On Mon, May 25, 2026 at 09:56:35PM +0200, Patrice Dumas wrote:
> On Mon, May 25, 2026 at 07:27:09PM +0100, Gavin Smith wrote:
> > I still don't know what is supposed to make two strings sort in a
> > predictable
> > order if they differ only by case. I checked that the sort keys are
> > identical
> > in that case. Patrice, do you remember anything?
>
> The sorting does not only use the sort key, but also the number of the
> index entry in index and the index names sort order (needed for merged
> indices), as seen in Perl in Indices.pm _sort_index_entries. Therefore,
> the order should be predictable even if the upper and lower case letters
> have the same sort key.
I understand now why the index entries are output in a predicatable order.
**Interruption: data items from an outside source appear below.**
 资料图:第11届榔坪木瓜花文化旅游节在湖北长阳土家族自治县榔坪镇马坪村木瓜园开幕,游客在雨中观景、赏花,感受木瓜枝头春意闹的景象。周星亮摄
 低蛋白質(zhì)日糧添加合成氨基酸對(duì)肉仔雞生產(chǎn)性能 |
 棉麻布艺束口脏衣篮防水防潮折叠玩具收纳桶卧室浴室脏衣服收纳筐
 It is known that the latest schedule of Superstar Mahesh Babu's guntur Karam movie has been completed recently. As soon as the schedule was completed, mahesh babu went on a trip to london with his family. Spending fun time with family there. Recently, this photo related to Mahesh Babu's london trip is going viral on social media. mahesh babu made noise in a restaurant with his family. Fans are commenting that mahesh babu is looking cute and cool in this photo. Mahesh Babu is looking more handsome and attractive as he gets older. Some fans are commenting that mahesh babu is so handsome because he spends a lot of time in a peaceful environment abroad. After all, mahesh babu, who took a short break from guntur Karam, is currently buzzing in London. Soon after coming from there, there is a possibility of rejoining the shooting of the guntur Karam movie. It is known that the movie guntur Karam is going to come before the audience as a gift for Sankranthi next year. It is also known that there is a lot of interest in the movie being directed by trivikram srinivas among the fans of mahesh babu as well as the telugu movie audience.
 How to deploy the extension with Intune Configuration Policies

However, this means that changing the order of index entries changes
the order in the index, if entries differ only by letter case. For
example:
$ cat test.texi ; TEXINFO_OUTPUT_FORMAT=plaintext texi2any test.texi
\input texinfo
@node Top
@top
@cindex aa
@cindex zz
@cindex @L{}
@cindex @l{}
@printindex cp
@bye
* Menu:
* aa: Top. (line 0)
* Ł: Top. (line 0)
* ł: Top. (line 0)
* zz: Top. (line 0)
$ cat test.texi ; TEXINFO_OUTPUT_FORMAT=plaintext texi2any test.texi
\input texinfo
@node Top
@top
@cindex aa
@cindex zz
@cindex @l{}
@cindex @L{}
@printindex cp
@bye
* Menu:
* aa: Top. (line 0)
* ł: Top. (line 0)
* Ł: Top. (line 0)
* zz: Top. (line 0)
There is also
>
> That being said, I do not know exactly why the strings are upper-cased
> before being sorted. Maybe this is relevant if there is no
> Unicode::Collate sorting (presumably, the lowercase/uppercase sorting is
> done well with Unicode::Collate), as it allows the upper-case and lower
> case letter to be nearby in sort in that case.
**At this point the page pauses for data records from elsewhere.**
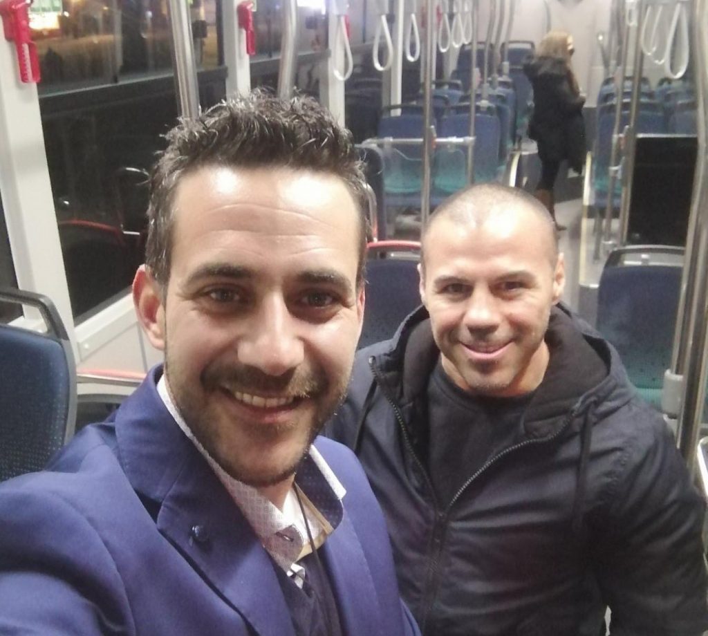 Ο παγκόσμιος πρωταθλητής του κικ μποξ περπάτησε στο κέντρο της πόλης ενώ μετακινήθηκε προς το “Μύλο των Ξωτικών” με το ηλεκτρικό λεωφορείο του Αστικού ΚΤΕΛ Τρικάλων. Διακρίνεται με τον οδηγό αυτού Θοδωρή Σκρέκα.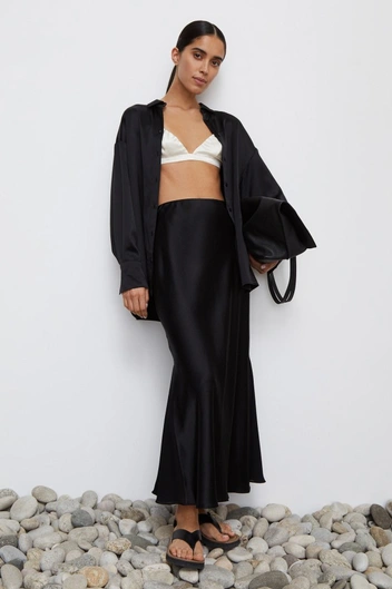Актуальные в этом сезоне юбки макси смотрятся стильно с футболками и базовыми топами. Не теряют актуальности и модели в бельевом стиле, из шелка и атласной ткани. К таким можно подобрать вязаный кроп-топ или модель в технике кроше, а также майку-алкоголичку или топ-халтер, а сверху накинуть рубашку свободного кроя или кимоно.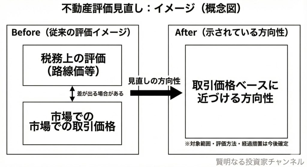 今回の焦点は、相続・贈与で用いられる不動産の評価(相続税評価)です。従来は、路線価や固定資産税評価額などで評価されることがあり、実際の取引価格(市場価格)と差が出る場合があります。この差が税務上のメリットとして意識されることがありました。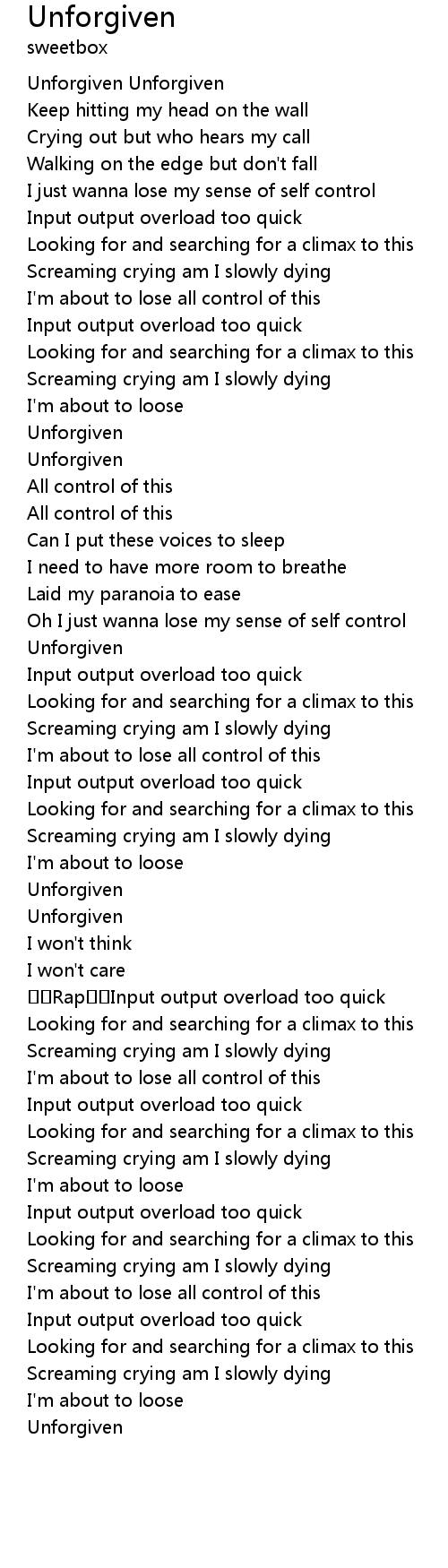 | [01:29.452] | Unforgiven |

Yes, exactly, although it wouldn't make upper case and lower case variants
sort in a consistent order. There may be ways to make that happen using
strcmp comparison: something like:
sort key = uppercase(index entry) . '\x01' . index entry
- i.e., concatenate the uppercased index entry with the original index
entry, with a low valued byte in between. But it is not that important.